SOURCE MATERIAL -
◇ ◇ ◇ ◇ ◇
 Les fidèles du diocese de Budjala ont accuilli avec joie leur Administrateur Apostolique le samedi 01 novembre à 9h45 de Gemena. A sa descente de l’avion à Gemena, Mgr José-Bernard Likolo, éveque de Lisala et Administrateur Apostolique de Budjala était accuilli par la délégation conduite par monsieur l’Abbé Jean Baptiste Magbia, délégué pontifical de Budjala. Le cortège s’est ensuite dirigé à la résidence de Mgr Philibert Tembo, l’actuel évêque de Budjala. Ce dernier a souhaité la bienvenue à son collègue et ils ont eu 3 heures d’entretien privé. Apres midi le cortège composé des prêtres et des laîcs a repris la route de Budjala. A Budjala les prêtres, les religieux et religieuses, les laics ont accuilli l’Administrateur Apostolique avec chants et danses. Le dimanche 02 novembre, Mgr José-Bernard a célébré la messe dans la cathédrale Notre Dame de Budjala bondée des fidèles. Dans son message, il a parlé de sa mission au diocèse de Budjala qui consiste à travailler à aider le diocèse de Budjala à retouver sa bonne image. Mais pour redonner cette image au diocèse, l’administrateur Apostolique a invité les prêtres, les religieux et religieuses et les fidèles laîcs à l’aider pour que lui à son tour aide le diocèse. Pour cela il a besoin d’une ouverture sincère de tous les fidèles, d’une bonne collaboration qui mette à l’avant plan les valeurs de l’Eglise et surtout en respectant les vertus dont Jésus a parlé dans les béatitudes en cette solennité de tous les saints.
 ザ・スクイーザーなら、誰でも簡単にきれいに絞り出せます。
◇ ◇ ◇ ◇ ◇
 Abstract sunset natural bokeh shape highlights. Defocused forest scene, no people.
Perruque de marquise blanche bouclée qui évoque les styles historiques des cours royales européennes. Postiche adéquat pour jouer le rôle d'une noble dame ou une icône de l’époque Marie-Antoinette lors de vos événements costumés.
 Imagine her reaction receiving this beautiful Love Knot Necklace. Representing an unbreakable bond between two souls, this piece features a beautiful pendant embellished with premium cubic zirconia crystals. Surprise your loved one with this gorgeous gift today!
◇ ◇ ◇ ◇ ◇
ABOUT THIS EXERCISE - In the records above, find the line with "Abstract sunset natural"; write out exactly that line and each one after it, stopping after the line with "Imagine her reaction".

SOLUTION TO THE PROBLEM -
 Abstract sunset natural bokeh shape highlights. Defocused forest scene, no people.
Perruque de marquise blanche bouclée qui évoque les styles historiques des cours royales européennes. Postiche adéquat pour jouer le rôle d'une noble dame ou une icône de l’époque Marie-Antoinette lors de vos événements costumés.
 Imagine her reaction receiving this beautiful Love Knot Necklace. Representing an unbreakable bond between two souls, this piece features a beautiful pendant embellished with premium cubic zirconia crystals. Surprise your loved one with this gorgeous gift today!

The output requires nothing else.